I was never so happy to pick up a phone and hear a female voice in my life. :cool:

Waiting for my mother to die, waiting for my father to die. And my sister is dying right now, 500 miles away.

Decades ago I worked on a vessel in the North Sea and the only outside contact was written letters. I was also a newlywed and anxious for contact from home. Replies to correspondence took about a month (2 weeks to home, 2 weeks for her response letter to make it to me). As the 4 week mark approached, I was really excited when each support or supply ship arrived, and could barely wait until my shift was over. I think the final hours after a ship had arrived and I knew via grapevine it had mail were the worst.

Waiting to find out if I’d be laid off. The office I worked in was closing permanently on a Friday, and there was no guarantee I would be able to work at another office.

Normally we closed at 5. The place basically shut down at 3. I had received no call or other contact. Then about an hour later somebody told me to turn my computer back on and check my email. (They knew!) So I checked and… yeah, there was an offer. I went from thinking I’d have to slog to find another job, to having to travel almost two hours one way on Monday, to a city I had never been in, and would have to spend some time on the weekend Googling how to get there. Better than nothing…

For the next few months I had to wait anxiously to get a job back in town. My phone was causing issues at the time, too, so I feared missing a call or voicemail. That was pointless… I was told about the new offer by email.

In June of 2015 I had a fast growing lump removed from my dogs chest. It was sent for pathology and nada. We had an appointment to go back in two weeks to remove the staples. I called and asked about the report. The tech said we’ll talk about that at the appointment. I knew it was not good news. He had Mast Cell tumor without clean margins. Doc said bring him back when it returns. It never did. I was pissed that I lost almost two weeks. I took him to another Vet and spent over $900 in blood tests to type and grade the tumor. Wasted money. That Vet actually offered radiation, chemo or do nothing. I chose to do nothing. Here were are almost 4 years later and today is his 13th Birthday.

Happy Birthday, Buttercup Smith’s dog!

Same, except it was a CT scan and I did get the all clear. 4 days of waiting… that was utter hell.

I doubt anything will ever keep me in suspense quite the way the first time I bought mail-order comic book back issues did.

That was a long-ass two weeks for a fifth grader, man.

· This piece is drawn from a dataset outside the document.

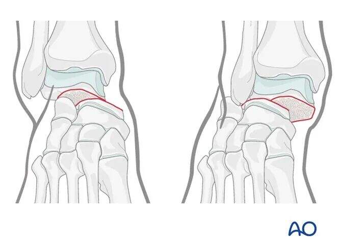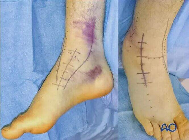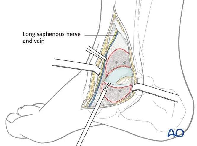 Med postopkom je treba ohraniti vse mehko tkivne pripone na talarnem telesu (viri oskrbe s krvjo). Običajno je potreben dvojni pristop z rezom.
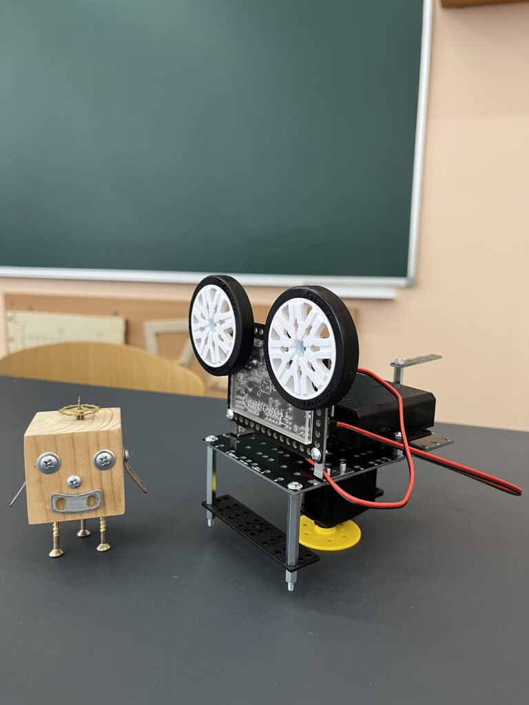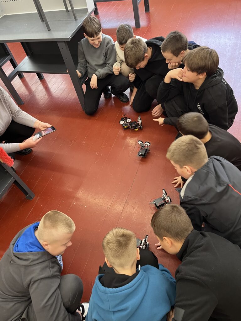 The first thing you notice during one of the regular STEM class periods is a group of boys, huddled in pairs around robot dogs – small, bright creatures made of plastic. Each duo’s face is scrunched up in concentration as they race to beat their classmates and be the first ones to complete the small robot. Thirteen-year-old Zakhar assembled it in just two 30-minute class periods. “It’s a robot dog,” he explains, carefully placing it on the table. “It can spin around and jump like a little projectile.”

Waiting for the Bar Exam results, 1987.

When my Mom grew seriously ill during the last two years of her life, I spent every day dreading “that call or text message”. He went into the hospital with pneumonia and spent less than a week at home before we had to put her in a care home. Several times I was told or texted that she was in the emergency room, often late at night. The last time she went to the emergency room (the doctor said she may not make it through the night), we stayed until 1-2am and she was taken back to the care home. About 2pm that day, my sister woke me from my nap and told me that she passed away. That was worse than getting a call or text because the message was immediate, not something I could have ignored in my sleep.

Sitting here in the school parking lot.

Kid isn’t answering phone/texts.

So… right now?

Found!

Not sure about myself, but in recent memory, my wife’s DNA results. She was adopted, and we thought it might help identify her birth families.

April 1969, waiting for college admission letters. They arrived on time, and were sitting on the floor under the mail slot. One was thick and one was thin.

But it turned out both were good news.